ABOUT THIS TASK: Set down, word for word, each line from the top of the data through the line that has "Pounamu, 22ct gold"; omit every picture.

DATASET EXCERPT:
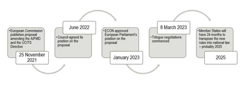 It had been hoped that the review of the Alternative Investment Fund Managers Directive (“AIFMD“) would be completed by the end of the Swedish Presidency of the Council of the EU (“Council“) in June 2023, but the negotiations on the final text between the European Commission (“Commission“), Council and European Parliament rumble on.
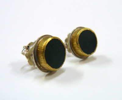 Pounamu, 22ct gold & sterling silver ear-studs.
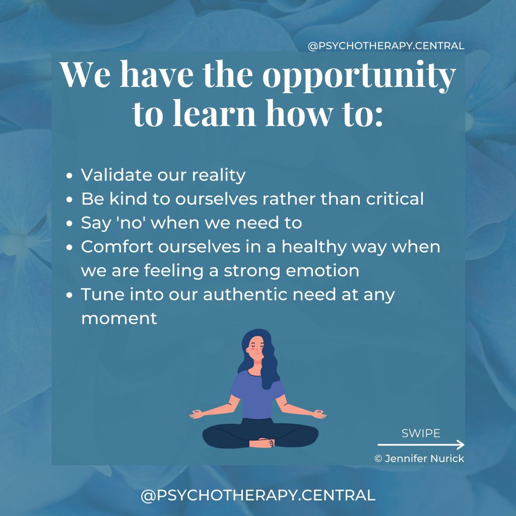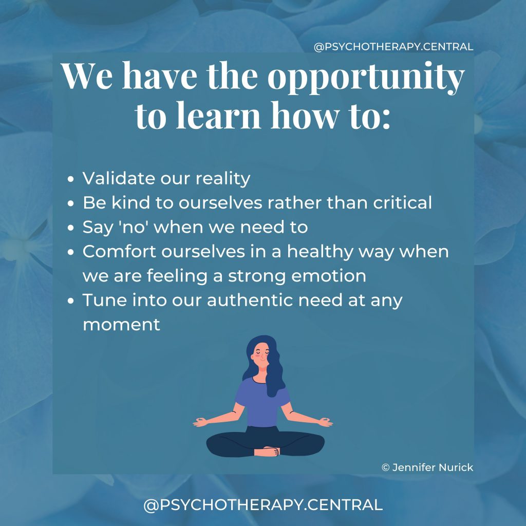 There is a considerable movement now in the area of reparenting, it is possible to learn to reparent yourself, to learn how to be present with the scared and lonely inner child who feels not good enough, rejected and hurt. As we reparent we learn to sit with her in painful moments, to acknowledge and validate the pain. We learn how to speak to ourselves in the form of the inner child, with the greatest love and compassion.

OUTPUT OF THE EXERCISE:
 It had been hoped that the review of the Alternative Investment Fund Managers Directive (“AIFMD“) would be completed by the end of the Swedish Presidency of the Council of the EU (“Council“) in June 2023, but the negotiations on the final text between the European Commission (“Commission“), Council and European Parliament rumble on.
 Pounamu, 22ct gold & sterling silver ear-studs.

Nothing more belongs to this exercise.